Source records
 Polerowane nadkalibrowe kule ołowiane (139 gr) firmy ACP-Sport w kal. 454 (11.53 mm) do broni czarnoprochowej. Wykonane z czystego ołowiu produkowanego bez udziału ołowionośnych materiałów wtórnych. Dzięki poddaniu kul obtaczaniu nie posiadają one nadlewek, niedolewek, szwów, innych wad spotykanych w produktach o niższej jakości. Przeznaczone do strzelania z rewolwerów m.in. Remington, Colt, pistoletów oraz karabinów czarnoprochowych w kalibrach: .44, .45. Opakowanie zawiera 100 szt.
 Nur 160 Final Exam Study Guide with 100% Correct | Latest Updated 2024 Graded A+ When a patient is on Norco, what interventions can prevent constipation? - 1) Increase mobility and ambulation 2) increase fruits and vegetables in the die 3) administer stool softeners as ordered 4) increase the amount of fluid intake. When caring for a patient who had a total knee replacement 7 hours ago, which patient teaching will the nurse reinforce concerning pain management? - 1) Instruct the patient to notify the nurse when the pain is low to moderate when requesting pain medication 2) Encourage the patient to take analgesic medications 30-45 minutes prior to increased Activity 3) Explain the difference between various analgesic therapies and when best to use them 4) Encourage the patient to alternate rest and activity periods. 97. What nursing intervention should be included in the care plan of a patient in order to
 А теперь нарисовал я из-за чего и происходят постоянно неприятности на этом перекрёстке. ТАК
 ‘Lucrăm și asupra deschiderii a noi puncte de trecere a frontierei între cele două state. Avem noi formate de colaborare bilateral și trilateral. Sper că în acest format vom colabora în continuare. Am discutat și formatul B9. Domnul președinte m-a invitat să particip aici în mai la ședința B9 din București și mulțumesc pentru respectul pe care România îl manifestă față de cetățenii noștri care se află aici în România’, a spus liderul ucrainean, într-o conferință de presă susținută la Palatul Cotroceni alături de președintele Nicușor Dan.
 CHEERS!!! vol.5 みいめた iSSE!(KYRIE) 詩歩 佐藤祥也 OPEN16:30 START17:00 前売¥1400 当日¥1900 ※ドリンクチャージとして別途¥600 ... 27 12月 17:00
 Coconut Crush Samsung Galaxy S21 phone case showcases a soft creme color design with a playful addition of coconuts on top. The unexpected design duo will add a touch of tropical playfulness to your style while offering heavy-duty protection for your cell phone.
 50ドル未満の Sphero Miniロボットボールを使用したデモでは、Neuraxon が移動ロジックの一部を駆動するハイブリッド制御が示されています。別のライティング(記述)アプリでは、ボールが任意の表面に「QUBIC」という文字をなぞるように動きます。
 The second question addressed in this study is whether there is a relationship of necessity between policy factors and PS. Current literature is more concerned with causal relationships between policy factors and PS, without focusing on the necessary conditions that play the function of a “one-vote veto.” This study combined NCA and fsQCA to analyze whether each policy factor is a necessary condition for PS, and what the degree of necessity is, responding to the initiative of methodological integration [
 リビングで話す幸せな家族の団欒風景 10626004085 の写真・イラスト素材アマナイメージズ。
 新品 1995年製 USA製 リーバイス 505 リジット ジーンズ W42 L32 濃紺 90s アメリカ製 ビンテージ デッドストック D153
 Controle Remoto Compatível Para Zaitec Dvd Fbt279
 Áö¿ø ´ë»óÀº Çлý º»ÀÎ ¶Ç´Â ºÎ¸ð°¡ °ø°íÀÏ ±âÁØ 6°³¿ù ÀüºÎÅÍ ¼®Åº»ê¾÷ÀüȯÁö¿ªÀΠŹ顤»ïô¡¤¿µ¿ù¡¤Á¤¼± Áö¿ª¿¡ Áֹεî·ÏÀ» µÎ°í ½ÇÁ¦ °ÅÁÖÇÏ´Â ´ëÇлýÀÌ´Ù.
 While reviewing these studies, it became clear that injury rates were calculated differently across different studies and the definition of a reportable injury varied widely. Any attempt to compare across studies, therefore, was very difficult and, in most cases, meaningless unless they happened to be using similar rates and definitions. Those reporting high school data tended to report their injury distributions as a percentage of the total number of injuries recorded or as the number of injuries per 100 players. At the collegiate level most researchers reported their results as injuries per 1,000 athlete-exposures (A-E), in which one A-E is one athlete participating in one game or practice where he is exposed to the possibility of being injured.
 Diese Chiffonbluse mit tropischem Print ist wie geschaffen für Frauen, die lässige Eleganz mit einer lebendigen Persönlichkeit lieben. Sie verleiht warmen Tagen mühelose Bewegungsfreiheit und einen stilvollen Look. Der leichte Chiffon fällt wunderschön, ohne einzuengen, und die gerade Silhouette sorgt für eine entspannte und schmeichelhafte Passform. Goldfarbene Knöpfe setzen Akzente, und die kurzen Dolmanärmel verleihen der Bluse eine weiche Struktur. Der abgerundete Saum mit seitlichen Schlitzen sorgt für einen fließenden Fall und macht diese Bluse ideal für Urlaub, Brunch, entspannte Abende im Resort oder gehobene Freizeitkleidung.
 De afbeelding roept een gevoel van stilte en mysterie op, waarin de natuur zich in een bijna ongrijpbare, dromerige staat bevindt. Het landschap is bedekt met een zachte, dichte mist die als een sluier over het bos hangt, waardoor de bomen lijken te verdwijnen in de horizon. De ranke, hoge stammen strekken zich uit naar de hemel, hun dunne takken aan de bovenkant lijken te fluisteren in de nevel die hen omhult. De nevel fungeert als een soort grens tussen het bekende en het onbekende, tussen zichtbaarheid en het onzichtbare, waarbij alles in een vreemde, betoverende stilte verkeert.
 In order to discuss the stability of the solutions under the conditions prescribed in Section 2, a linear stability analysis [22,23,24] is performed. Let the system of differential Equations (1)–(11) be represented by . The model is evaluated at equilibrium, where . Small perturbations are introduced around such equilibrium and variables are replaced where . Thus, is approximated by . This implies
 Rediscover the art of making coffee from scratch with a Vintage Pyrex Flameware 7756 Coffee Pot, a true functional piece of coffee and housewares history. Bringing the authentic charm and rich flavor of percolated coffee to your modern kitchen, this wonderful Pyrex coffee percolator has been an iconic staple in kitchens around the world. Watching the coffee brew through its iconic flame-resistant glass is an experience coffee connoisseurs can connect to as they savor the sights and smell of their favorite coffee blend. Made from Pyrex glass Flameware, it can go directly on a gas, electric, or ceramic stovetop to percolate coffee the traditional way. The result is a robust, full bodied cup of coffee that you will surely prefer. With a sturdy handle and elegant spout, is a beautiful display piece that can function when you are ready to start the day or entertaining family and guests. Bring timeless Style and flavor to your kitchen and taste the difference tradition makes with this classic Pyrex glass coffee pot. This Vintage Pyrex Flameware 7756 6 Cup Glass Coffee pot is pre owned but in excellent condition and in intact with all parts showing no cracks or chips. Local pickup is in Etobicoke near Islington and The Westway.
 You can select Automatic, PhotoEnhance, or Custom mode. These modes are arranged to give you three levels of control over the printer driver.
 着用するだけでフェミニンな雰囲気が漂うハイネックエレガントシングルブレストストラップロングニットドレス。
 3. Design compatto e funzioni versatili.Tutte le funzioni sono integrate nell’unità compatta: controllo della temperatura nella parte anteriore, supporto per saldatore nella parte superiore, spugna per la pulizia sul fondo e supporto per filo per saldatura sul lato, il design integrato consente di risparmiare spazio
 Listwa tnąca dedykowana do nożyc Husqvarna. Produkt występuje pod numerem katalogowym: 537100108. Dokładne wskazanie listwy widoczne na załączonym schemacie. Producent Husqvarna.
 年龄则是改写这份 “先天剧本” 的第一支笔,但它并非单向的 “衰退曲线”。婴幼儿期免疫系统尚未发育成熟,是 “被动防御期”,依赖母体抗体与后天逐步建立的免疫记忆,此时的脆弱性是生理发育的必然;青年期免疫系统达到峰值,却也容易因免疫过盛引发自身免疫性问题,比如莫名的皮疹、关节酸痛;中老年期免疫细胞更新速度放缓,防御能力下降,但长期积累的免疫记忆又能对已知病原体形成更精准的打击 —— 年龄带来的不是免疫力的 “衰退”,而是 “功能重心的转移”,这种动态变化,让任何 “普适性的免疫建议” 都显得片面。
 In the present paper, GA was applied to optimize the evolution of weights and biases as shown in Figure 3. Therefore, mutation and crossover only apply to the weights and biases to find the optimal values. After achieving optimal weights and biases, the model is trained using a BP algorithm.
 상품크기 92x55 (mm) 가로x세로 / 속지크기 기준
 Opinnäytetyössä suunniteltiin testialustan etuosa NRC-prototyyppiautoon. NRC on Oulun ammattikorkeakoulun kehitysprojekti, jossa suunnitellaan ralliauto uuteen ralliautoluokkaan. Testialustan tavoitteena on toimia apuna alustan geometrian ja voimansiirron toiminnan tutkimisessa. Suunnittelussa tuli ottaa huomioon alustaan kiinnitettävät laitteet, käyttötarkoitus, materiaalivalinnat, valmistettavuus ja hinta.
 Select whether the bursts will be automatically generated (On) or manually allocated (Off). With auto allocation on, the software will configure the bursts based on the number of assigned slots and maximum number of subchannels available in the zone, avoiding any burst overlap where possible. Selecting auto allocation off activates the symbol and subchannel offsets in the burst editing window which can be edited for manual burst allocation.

* **ASSIGNED TASK**: Look through the records above for the string "whether", then copy every line that has it.

* **OUTPUT FOR THIS TASK**:
 The second question addressed in this study is whether there is a relationship of necessity between policy factors and PS. Current literature is more concerned with causal relationships between policy factors and PS, without focusing on the necessary conditions that play the function of a “one-vote veto.” This study combined NCA and fsQCA to analyze whether each policy factor is a necessary condition for PS, and what the degree of necessity is, responding to the initiative of methodological integration [
 Select whether the bursts will be automatically generated (On) or manually allocated (Off). With auto allocation on, the software will configure the bursts based on the number of assigned slots and maximum number of subchannels available in the zone, avoiding any burst overlap where possible. Selecting auto allocation off activates the symbol and subchannel offsets in the burst editing window which can be edited for manual burst allocation.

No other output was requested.